**SUPPLIED DATA:**
=== Begin Enclosure ===
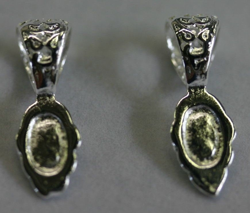 Description: 6pcs of Silver Plate Glue on Beaver Tail Filigree Bail. Cadmium Free, Nickel Free, Lead Free.
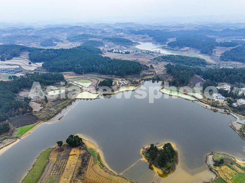 图片说明:2022年12月25日,航拍贵州省黔西市金碧镇新富村的一湖泊,属于水西柯海国家湿地公园的一个点。
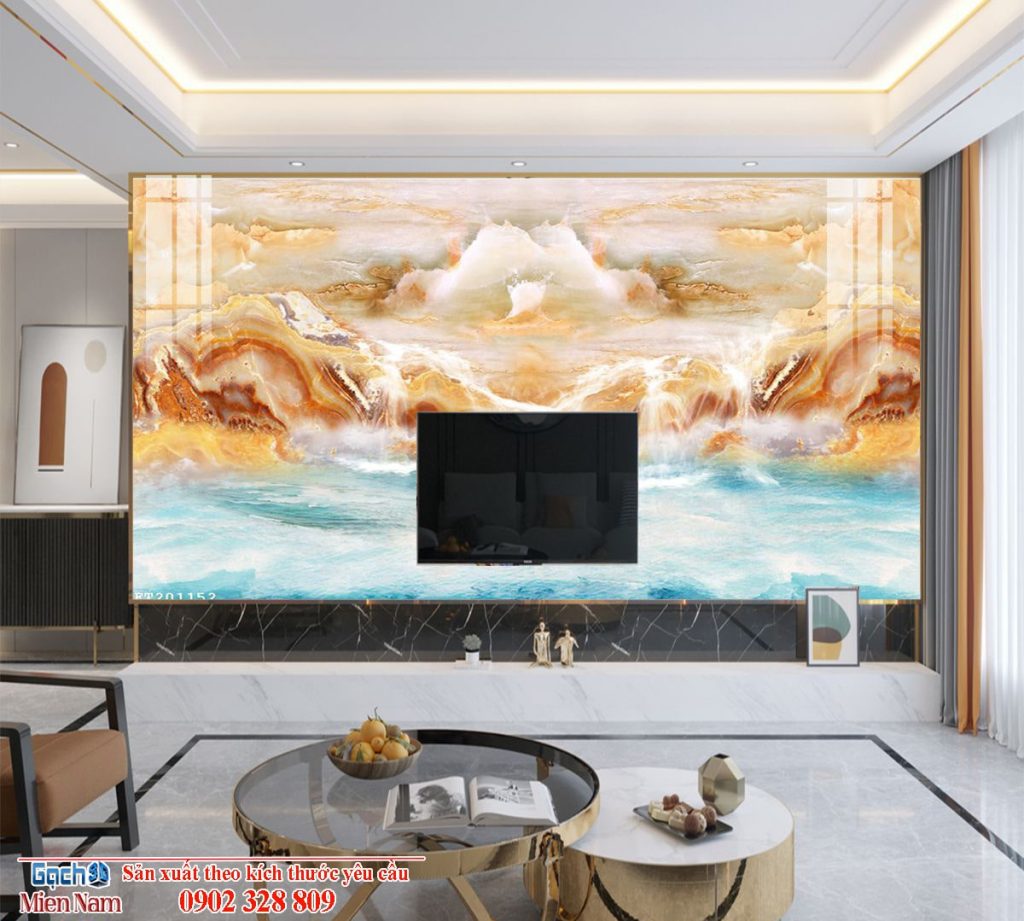 Gạch tranh trang trí phòng khách đá cẩm thạch là sản phẩm trang trí nội thất đang được ưa chuộng hiện nay nhờ những ưu điểm nổi trội của nó. Đầu tiên, gạch tranh 3d đá cẩm thạch mang lại vẻ đẹp sang trọng, độc đáo và sáng tạo cho không gian sống của bạn. Bạn có thể tùy ý lựa chọn các mẫu gạch tranh 3d đá cẩm thạch phù hợp với phong cách và sở thích của mình, từ mẫu đơn giản đến phức tạp.
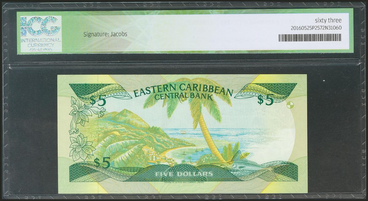 EAST CARIBBEAN STATES. 5 Dollars. 1988. Antigua. (Pick: 22a1). ICG63.
=== End Enclosure ===
**EXERCISE DESCRIPTION:** Leaving aside every picture, transcribe exactly the lines that run from the one with "图片说明:2022年12月2" to the close of the listing above.

**ANSWER FOR THIS EXERCISE:**
 图片说明:2022年12月25日,航拍贵州省黔西市金碧镇新富村的一湖泊,属于水西柯海国家湿地公园的一个点。
 Gạch tranh trang trí phòng khách đá cẩm thạch là sản phẩm trang trí nội thất đang được ưa chuộng hiện nay nhờ những ưu điểm nổi trội của nó. Đầu tiên, gạch tranh 3d đá cẩm thạch mang lại vẻ đẹp sang trọng, độc đáo và sáng tạo cho không gian sống của bạn. Bạn có thể tùy ý lựa chọn các mẫu gạch tranh 3d đá cẩm thạch phù hợp với phong cách và sở thích của mình, từ mẫu đơn giản đến phức tạp.
 EAST CARIBBEAN STATES. 5 Dollars. 1988. Antigua. (Pick: 22a1). ICG63.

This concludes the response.